Il ragionamento è il medesimo che Videla fece il 10 aprile 1978 nel corso di un cordiale pranzo alla presenza della commissione esecutiva dell’Episcopato. Secondo la nota informativa inviata dai vescovi al Vaticano, Videla aveva detto loro che “sarebbe ovvio” affermare che nessuno è desaparecido, che “sono morti”, ma che una tale affermazione avrebbe “alimentato una serie di domande sul luogo della sepoltura. Era forse una fossa comune? E in tal caso: chi li ha messi in questa fossa? Insomma una serie di domande alle quali il governo non poteva rispondere sinceramente per le conseguenze a carico di alcune persone”, vale a dire per proteggere i sequestratori e gli assassini. (Il Fatto)
Anche la Chiesa sapeva quel che accadeva in Argentina, tanti sono gli uomini di Chiesa citati nei processi a testimoniare, tra di essi spicca il nome del Papa Francesco I.
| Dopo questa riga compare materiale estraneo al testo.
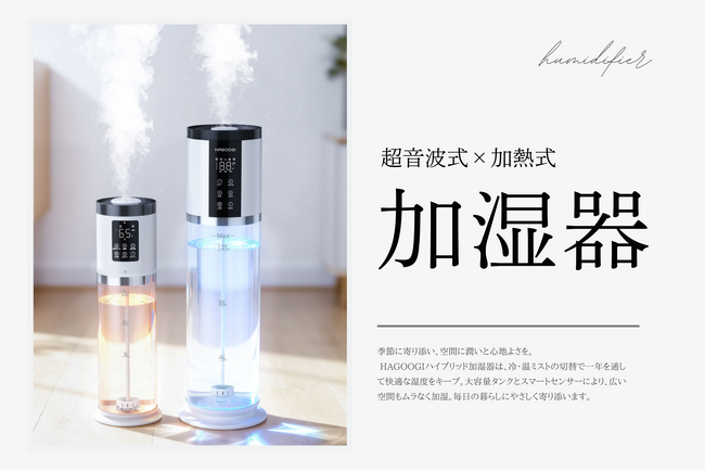 HAGOOGIは、加熱式と超音波式を組み合わせたハイブリッド加湿方式を採用した「ハイブリッド加湿器」を発売いたしました。
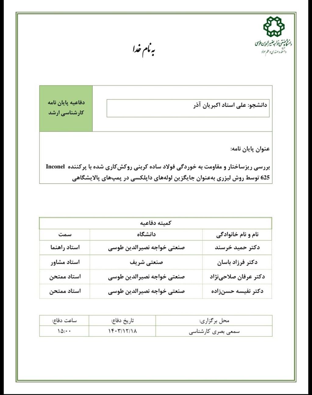 دانشجو: علی استاداکبریان آذر - استاد راهنما: دکتر حمید خرسند - دانشكده مهندسی مواد

L’ex dittatore argentino, Jorge Videla durante il processo ha rivelato
le pesanti complicità delle gerarchie ecclesiastiche con il regime militare. Intervistato in carcere, ha fatto presente come l’allora nunzio apostolico Pio Laghi e l’ex presidente della Conferenza episcopale di Argentina Raul Primatesta, assieme ad altri vescovi, abbiano concretamente dato al governo dei golpisti consigli su come gestire l’uccisione dei desaparecidos. Ma Videla conferma non solo questo, ma che la Chiesa offrì i suoi “buoni uffici” al governo per informare della sorte atroce dei desaparecidos esclusivamente quelle famiglie che avessero scelto poi di non divulgare pubblicamente i crimini e di interrompere le proteste.
Negli incontri con i prelati, anche in episcopato, religiosi e militari si accordavano persino per gestire le uccisioni dei desaparecidos, in modo da minimizzare fughe di notizie. Tutti nuovi elementi che confermano ulteriormente il lavoro di giornalisti come Horacio Verbitsky, sulle connivenze pesanti tra Chiesa cattolica e regime militare.
Ad esempio, gli ufficiali che prendevano parte alla mattanza dei detenuti politici si sarebbero consultati con le autorità ecclesiastiche per ucciderli nella maniera “più cristiana e meno violenta” possibile. Per la cronaca, la soluzione era un’iniezione di penthotal per sedare le vittime, che venivano poi buttate a mare da un aereo e che quindi affogavano.
Un capitano di marina, Adolfo Scilingo, che prendeva parte ai ‘voli della morte’ turbato si rivolse ad un sacerdote. Il quale, citando alcune parabole bibliche, sosteneva che i desaparecidos uccisi così non avevano sofferto. Fu quindi concordato con la Chiesa questo modo per somministrare una ‘dolce morte’ ai dissidenti. Perché la fucilazione di migliaia di persone avrebbe destato le proteste del papa. E gli imbarazzi di tutti quei prelati legati a doppio filo col regime. (UAAR)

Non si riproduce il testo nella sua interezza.